If the size/brightness swish didn’t work for you last time, it’s likely that size and brightness aren’t compelling submodalities for you; you can use the same content again. If the size/brightness swish worked well on that content, choose a new content to use with distance/color.

Demonstrate the distance/color swish quickly, with someone for whom the size/brightness swish didn’t work. This will save time, since he will already have spent some time identifying the cue and creating the desired self‑image. (However you may want to check on both of these, because they may be inappropriate in some way.)

DISTANCE/COLOR SWISH:

(trios, 15 minutes in each position)

1. Determine the unwanted behavior.

2. Cue: Make the cue image close and full of color (and associated.)

3. Self‑image: Make the (dissociated) image of the you that you would be without this problem.

4. Ecological check: Does any part of you have any objection to your becoming this person that you see in that image?

5. Set up: See both those images simultaneously, side by side. The cue image close and full of color; the self‑image far away and black and white.

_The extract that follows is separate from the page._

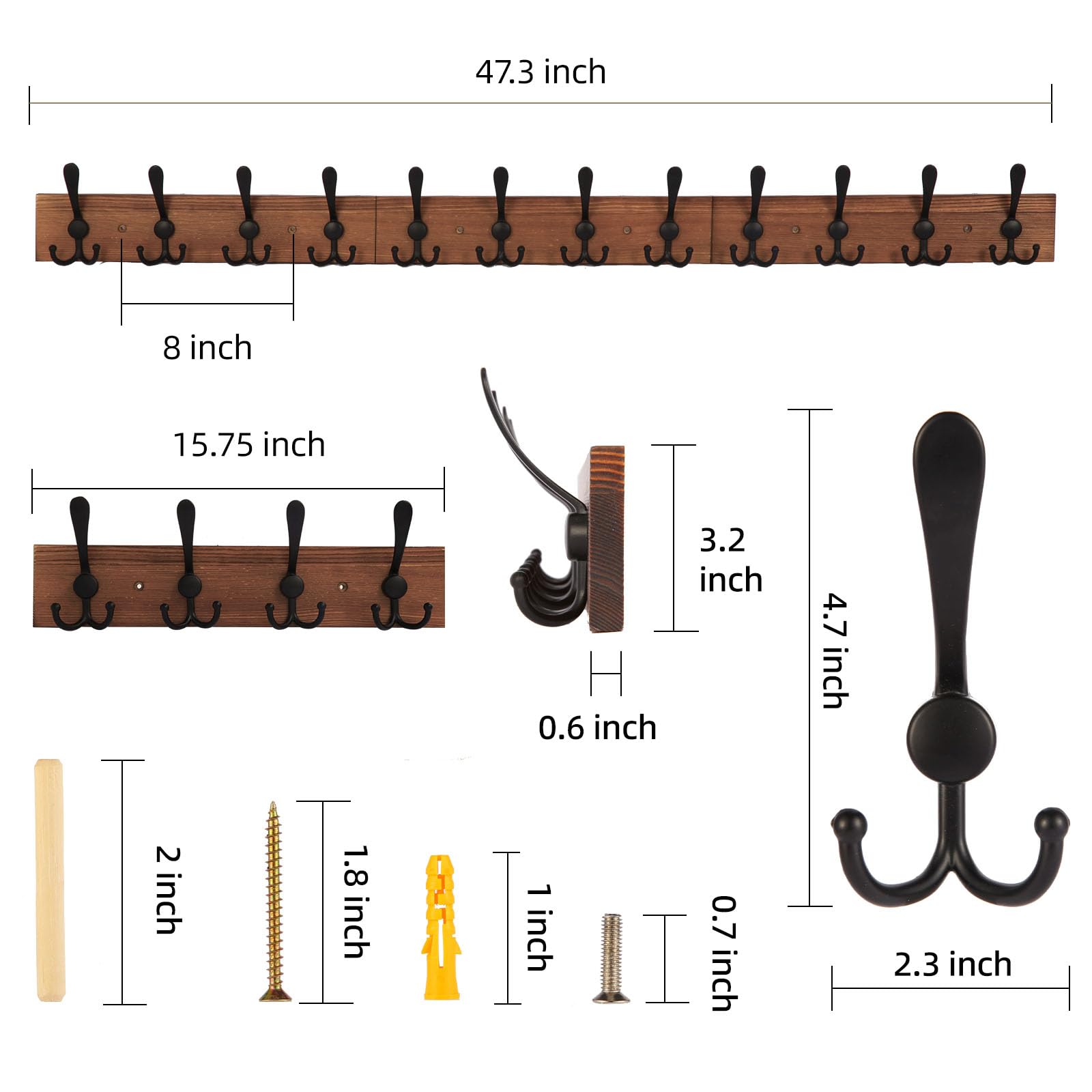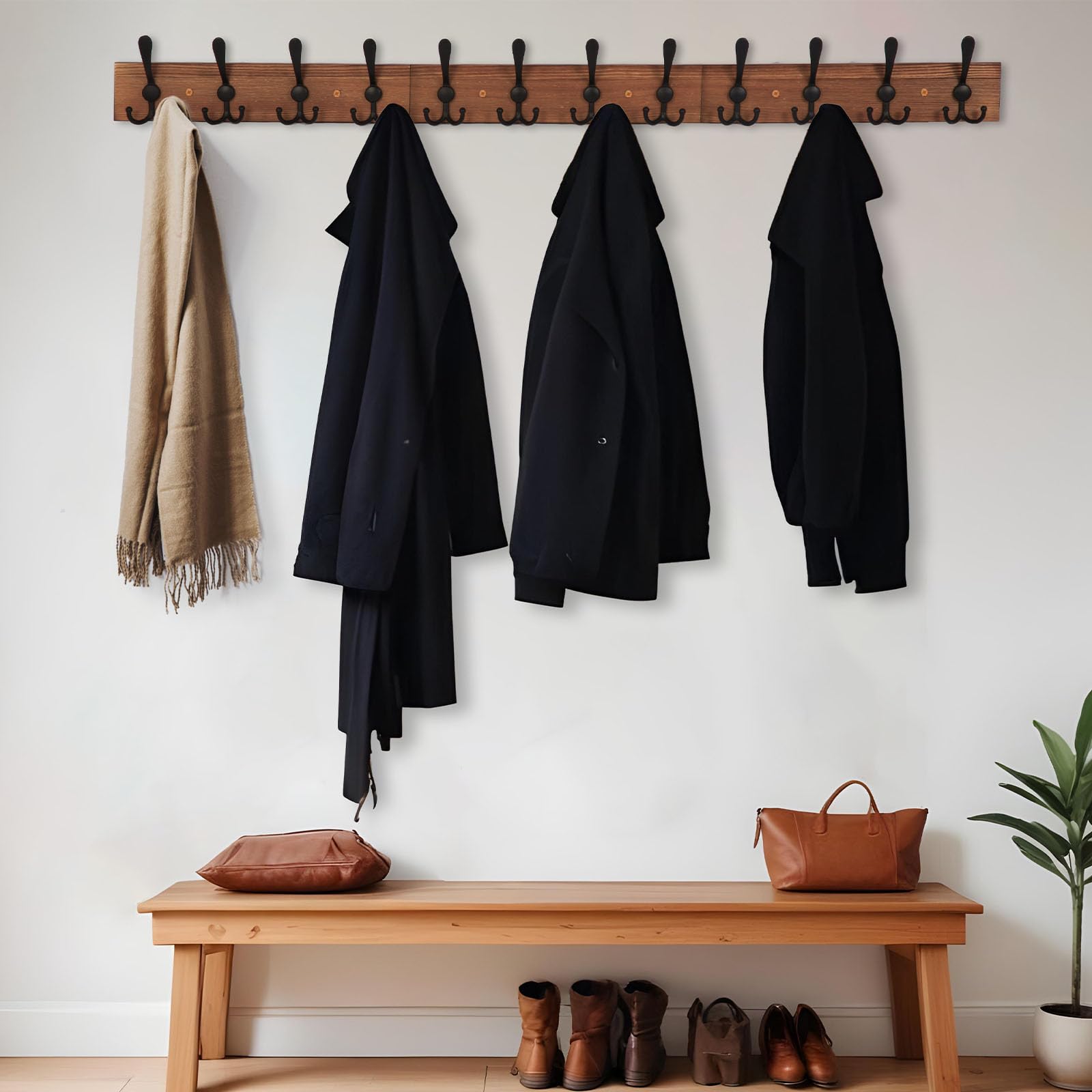 Homagic Wandgarderobe, 120 cm, Braun gebrannt, rustikaler Handtuchhalter für Badezimmer, Wohnzimmer, Haken für Mäntel, Hüte, Kleidung

6. Swish: When you swish, the cue image will lose color as it moves quickly into the distance. Simultaneously, the desired self‑image will move closer as it gains color. Most people find this more impactful if the two pictures go through each other when they are the same distance away. Some people also like to have them make a “pop” sound as they do this. If the programmer makes an appropriate sound, with hand gestures s/he can run the swish covertly once it has been set up the first time.

Next clear your visual screen and repeat the swish 5 times, clearing the screen at the end of each swish.

7. Test:

a. Make cue image (2). What happens?

b. Behaviorally test by creating the external cue.

Discussion: For both kinds of swishing, make sure when they instruct the client to set up the swish, that they have the client first see the cue, and then see the desired state image. This starts with what is already in the client’s experience, and chains the existing cue to a new direction. If the client has trouble moving the two pictures simultaneously, ask him to imagine that there is a string from the cue image which goes through a pulley behind his head, and back to the far self‑image. When the cue image moves away, this string automatically pulls the self‑image closer at this same time. (Alternatively, you could rehearse the movement of each picture separately, and then put them together.)